Syaikh Abdurrahman as-Sa’di rahimahullah berkata,


“Semakin banyak pengetahuan seseorang tentang Allâh, maka rasa takutnya kepada
Allâh pun semakin besar, yang kemudian rasa takut ini menjadikan dirinya (selalu)
menjauh dari perbuatan-perbuatan maksiat dan (senantiasa) mempersiapkan diri
untuk berjumpa dengan Dzat yang ditakutinya (yaitu Allâh Azza wa Jalla).”[2]

- Takdir
Adapun makna kata takdir menurut istilah agama (syari’at) adalah, segala sesuatu
yang telah ditetapkan oleh Allah Swt. menurut ilmu dan kehendak-Nya. Adapun
dalil-dalil dari Al-Qur’an yang menguatkan pendapat dimaksud adalah sejumlah
firman Allah Swt. berikut ini,
"Dan pada sisi Allah-lah kunci-kunci semua yang ghaib; tidak ada yang
mengetahuinya kecuali Dia sendiri. Dan Dia mengetahui apa yang di daratan
maupun di lautan. Serta tiada sehelai daun pun yang gugur, melainkan Dia
mengetahuinya. Demikian pula tidak jatuh sebutir biji pun dalam kegelapan bumi,
dan tidak sesuatu yang basah atau yang kering, melainkan tertulis dalam kitab yang
nyata (Lauh al-Mahfuzh)," (QS Al-An’âm [6]: 59).

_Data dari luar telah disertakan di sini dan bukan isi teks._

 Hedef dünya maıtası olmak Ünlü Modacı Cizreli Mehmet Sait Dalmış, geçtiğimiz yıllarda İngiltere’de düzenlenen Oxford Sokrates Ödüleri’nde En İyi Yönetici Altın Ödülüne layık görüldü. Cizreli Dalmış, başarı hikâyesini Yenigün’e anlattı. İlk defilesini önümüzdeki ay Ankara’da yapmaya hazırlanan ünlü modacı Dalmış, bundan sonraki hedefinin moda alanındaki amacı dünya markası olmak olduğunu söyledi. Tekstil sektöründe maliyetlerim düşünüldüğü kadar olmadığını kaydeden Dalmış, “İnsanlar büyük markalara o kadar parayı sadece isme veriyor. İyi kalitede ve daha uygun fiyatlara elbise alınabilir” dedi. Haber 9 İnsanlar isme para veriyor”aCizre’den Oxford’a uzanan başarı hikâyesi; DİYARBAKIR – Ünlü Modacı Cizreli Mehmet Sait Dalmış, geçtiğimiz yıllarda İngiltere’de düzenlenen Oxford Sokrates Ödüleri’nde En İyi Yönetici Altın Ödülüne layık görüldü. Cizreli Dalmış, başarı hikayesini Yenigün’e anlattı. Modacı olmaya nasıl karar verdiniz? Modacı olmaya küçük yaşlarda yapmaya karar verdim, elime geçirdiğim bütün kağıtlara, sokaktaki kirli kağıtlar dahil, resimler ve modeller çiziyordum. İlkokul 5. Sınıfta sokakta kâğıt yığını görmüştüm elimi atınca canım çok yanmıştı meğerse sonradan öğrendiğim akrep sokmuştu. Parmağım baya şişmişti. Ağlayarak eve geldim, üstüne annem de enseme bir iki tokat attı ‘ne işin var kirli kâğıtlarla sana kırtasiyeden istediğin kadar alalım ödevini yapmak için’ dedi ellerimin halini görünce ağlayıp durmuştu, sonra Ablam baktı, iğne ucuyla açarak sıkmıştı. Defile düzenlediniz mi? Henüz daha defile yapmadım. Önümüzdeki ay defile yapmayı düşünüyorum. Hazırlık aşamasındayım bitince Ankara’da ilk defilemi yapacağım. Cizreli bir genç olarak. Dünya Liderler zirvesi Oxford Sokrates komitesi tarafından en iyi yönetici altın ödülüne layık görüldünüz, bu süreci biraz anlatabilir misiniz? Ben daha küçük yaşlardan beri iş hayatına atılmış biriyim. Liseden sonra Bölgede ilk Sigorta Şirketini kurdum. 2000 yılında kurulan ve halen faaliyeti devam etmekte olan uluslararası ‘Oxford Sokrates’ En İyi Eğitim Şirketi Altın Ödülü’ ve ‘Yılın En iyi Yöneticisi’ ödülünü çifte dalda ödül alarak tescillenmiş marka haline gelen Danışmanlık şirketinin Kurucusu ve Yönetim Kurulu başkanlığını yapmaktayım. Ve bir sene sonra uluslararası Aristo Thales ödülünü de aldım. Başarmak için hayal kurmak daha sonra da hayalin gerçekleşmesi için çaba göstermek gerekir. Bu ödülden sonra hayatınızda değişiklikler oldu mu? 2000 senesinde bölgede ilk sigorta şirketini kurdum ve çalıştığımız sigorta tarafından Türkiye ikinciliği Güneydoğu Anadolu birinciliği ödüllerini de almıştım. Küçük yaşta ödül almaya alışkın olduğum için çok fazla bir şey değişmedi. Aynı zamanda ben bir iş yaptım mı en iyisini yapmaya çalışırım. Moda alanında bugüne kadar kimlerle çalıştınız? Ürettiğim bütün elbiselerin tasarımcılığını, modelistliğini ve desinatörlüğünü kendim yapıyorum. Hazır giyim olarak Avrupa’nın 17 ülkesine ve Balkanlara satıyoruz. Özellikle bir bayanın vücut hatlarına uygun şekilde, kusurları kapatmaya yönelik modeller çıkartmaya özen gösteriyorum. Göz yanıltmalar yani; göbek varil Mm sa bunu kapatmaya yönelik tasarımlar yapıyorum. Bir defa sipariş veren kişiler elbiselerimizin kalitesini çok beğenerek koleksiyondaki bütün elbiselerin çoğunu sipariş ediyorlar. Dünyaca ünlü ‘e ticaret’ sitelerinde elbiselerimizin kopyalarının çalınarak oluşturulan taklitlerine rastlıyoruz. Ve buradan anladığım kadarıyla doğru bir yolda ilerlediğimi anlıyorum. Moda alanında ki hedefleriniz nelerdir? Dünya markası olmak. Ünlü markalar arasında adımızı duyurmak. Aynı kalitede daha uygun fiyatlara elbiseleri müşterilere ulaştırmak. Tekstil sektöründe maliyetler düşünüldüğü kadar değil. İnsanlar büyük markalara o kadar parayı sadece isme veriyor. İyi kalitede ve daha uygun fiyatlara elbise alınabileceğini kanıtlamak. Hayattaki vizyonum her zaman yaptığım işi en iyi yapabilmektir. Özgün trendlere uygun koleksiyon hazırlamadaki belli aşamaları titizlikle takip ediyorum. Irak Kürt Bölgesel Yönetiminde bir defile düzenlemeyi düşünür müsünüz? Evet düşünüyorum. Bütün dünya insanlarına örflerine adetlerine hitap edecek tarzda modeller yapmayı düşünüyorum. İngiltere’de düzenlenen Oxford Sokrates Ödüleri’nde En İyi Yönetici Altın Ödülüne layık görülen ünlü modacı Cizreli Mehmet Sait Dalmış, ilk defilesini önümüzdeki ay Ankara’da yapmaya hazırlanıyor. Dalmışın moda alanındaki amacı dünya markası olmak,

Allah Swt. juga berfirman,


"Katakanlah, ‘Aku tidak berkuasa mendatangkan kemudharatan, dan tidak pula
kemanfaatan kepada diriku, melainkan apa yang dikehendaki oleh Allah.’ Tiap-tiap
umat mempunyai ajal.[1]Apabila telah datang ajal mereka, maka mereka tidak dapat
mengundurkannya barang sesaat pun, dan tidak pula mendahulukannya," (QS Yûnus
[10]: 49).

Allah Swt. juga berfirman,


"Tiada sesuatu pun yang ghaib di langit maupun di bumi, melainkan terdapat dalam
kitab yang nyata (Lauh al-Mahfuzh)" (QS Al- Naml [27]: 75).

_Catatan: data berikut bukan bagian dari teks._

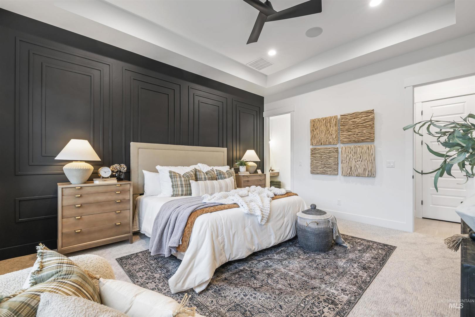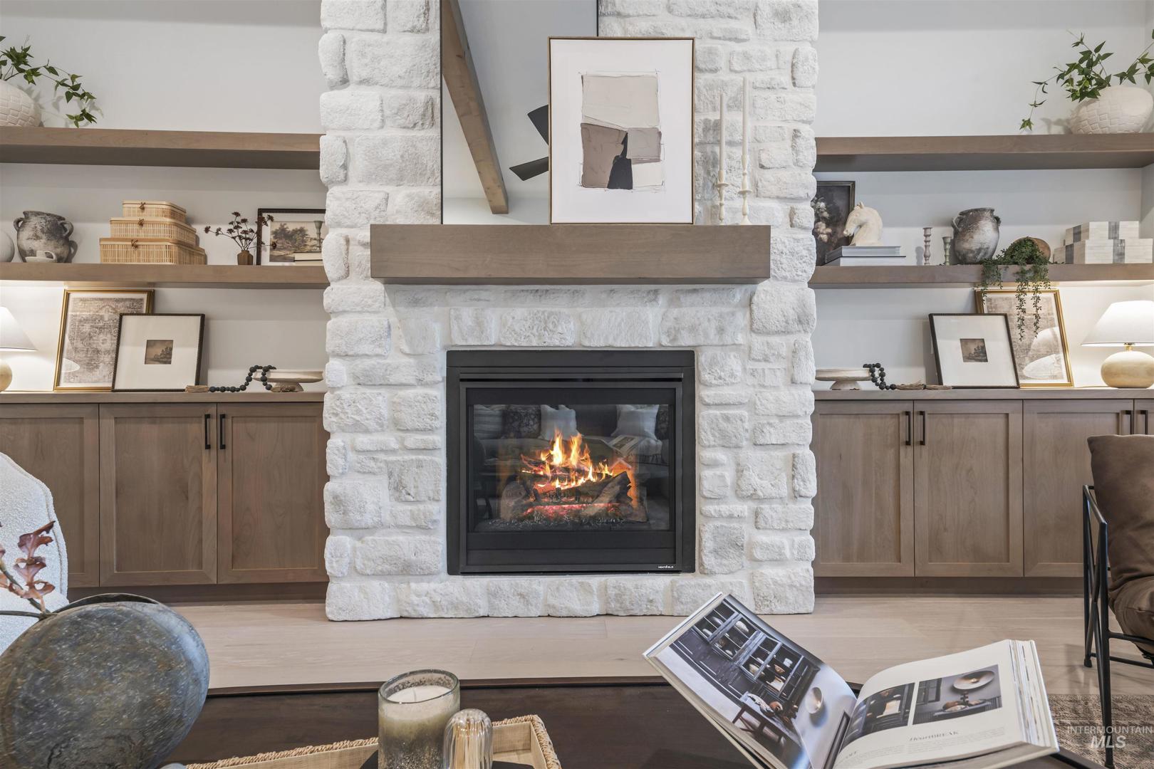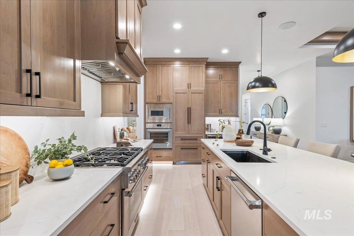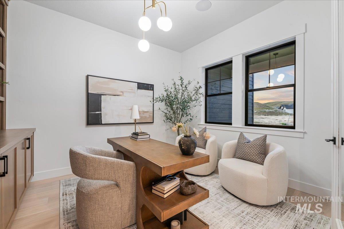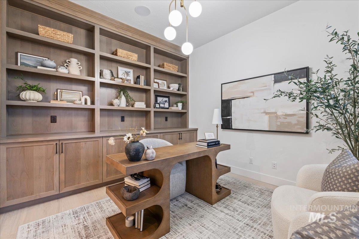 The Zachary Boat Bay by Brookstone Custom Homes is a spectacular new plan offering elevated living with a seamless blend of luxury design and everyday comfort. Soaring 11-foot ceilings, designer lighting, and custom craftsmanship create a warm, inviting atmosphere throughout. The gourmet kitchen is ideal for entertaining, featuring a 10-foot quartz island, premium Thermador appliances, cabinet-style refrigerator, double ovens, and a spacious walk-in pantry. A stylish bar area with beverage cooler complements the open-concept layout, flowing into a great room with wood-beamed ceilings, a floor-to-ceiling stone fireplace, and large Pella windows for abundant natural light. A dedicated home office with custom built-ins supports today’s work-from-home lifestyle. The private primary suite is a true retreat, showcasing exquisite carpentry and a spa-inspired bath with separate vanities, makeup counter, soaking tub, and an impressive 10-foot tiled shower. Each additional bedroom includes its own private ensuite, offering comfort and privacy throughout. Designed for both function and lifestyle, the home also features a side-entry garage and separate RV garage with pull-through access. The fully fenced backyard is elegantly landscaped with an extended patio and fire pit area. Located in Valnova in Eagle, Idaho, this home offers luxury living in a premier, amenity-rich community.

Allah Swt. juga berfirman,


"Sesungguhnya Kami menghidupkan orang-orang mati, dan Kami menuliskan apa
yang telah mereka kerjakan, serta bekas-bekas yang mereka tinggalkan. Dan, segala
sesuatu Kami kumpulkan dalam Kitab Induk yang nyata (Lauh al-Mahfuzh)," (QS
Yâsîn [36]: 12).

Allah Swt. juga berfirman,


"Bahkan yang didustakan mereka itu ialah Al-Qur’an yang mulia, yang tersimpan
dalam Lauh al-Mahfuzh," (QS Al-Burûj [85]: 21- 22).

Allah Swt. juga berfirman,


"Dan mereka berkata, ‘Kapankah datangnya ancaman itu jika kalian adalah orang-
orang yang benar?’ Katakanlah, ‘Sesungguhnya ilmu tentang Hari Kiamat itu hanya
pada sisi Allah. Dan sesungguhnya aku hanyalah seorang pemberi peringatan yang
menjelaskan,’" (QS Al-Mulk [67]: 25-26).